The .500 S&W Magnum is a .50 caliber, semi-rimmed pistol cartridge developed by Cor-Bon in partnership with the Smith & Wesson "X-Gun" engineering team for use in the Smith & Wesson Model 500 X-frame revolver. The cartridge, along with the Smith & Wesson Model 500 revolver, was introduced in February 2003 at the SHOT show. The purpose of this cartridge was as a hunting handgun cartridge capable of taking all North American game species.
History[]
The .500 Smith & Wesson Magnum was designed from the outset to be the most powerful production handgun cartridge in existence at the time. Smith & Wesson product manager Herb Belin proposed the idea of developing the revolver and cartridge to the S&W sales team. With the backing of the sales team, the project was approved by S&W President Bob Scott. The ammunition would be developed by Cor-Bon and Peter Pi in partnership with the S&W X-Gun engineering team of Brett Curry Lead Design Engineer, Rich Mikuta and Tom Oakley. Eleven months later, on January 9, 2003 the team unveiled the S&W Model 500 revolver and the .500 S&W Magnum cartridge. According to Belin, the cartridge was designed from its inception to be substantially more powerful than any other production handgun cartridge before it. Cor-Bon would later go on to develop the .500 S&W Special cartridge.
Design details[]
The .500 S&W Magnum cartridge uses bullets that are .500 inches in diameter (.50 caliber, 12.7mm). The Smith & Wesson Model 500 revolver will accept both .500 S&W Magnum and .500 S&W Special ammunition; unlike other revolver cartridges, there are no firearms that will accept .500 S&W Special cartridges, but will not fire the .500 S&W Magnum.

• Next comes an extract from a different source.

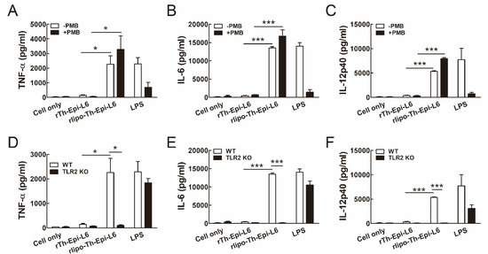 Figure 3. rLipo-Th-Epi-L6 stimulates bone marrow-derived dendritic cells (BM-DCs) to secrete cytokines. (AC) Cytokine TNF-α (A), IL-6 (B), and IL-12p40 (C) secretion by DCs was stimulated by rlipo-Th-Epi-L6. BM-DCs were cultured with rTh-Epi-L6 (50 nM), rlipo-Th-Epi-L6 (50 nM), or LPS (0.1 μg/mL) in the presence or absence of polymyxin B (PMB; 30 μg/mL). After a 24-h incubation, the supernatants were harvested and analyzed for cytokine production by ELISA. (DF) Cytokine TNF-α (D), IL-6 (E) and IL-12p40 (F) secretion by DCs isolated from wild-type and TLR2 knockout (TLR2 KO) mice was stimulated by rlipo-Th-Epi-L6. Data are presented as the means ± SEM of at least three independent experiments. * p < 0.05, *** p < 0.001 by t-test.

The .500 S&W Magnum is a rimmed, centerfire cartridge. Initial runs of this cartridge used large pistol primers; Smith & Wesson switched to using large rifle primers to prevent the firing pin from piercing the primer when max loads or heavy bullets were used (bullets over 400 grains).[1] The .500 fires at a maximum pressure of 60,000 PSI, launching projectiles ranging in weight from 275 grains to 500 grains[2] at speeds ranging from just over 1,400 FPS to over 2,000 FPS. Most factory loads fire at pressures of around 50,000 PSI, and some handloads may use bullets heavier than 500 grains.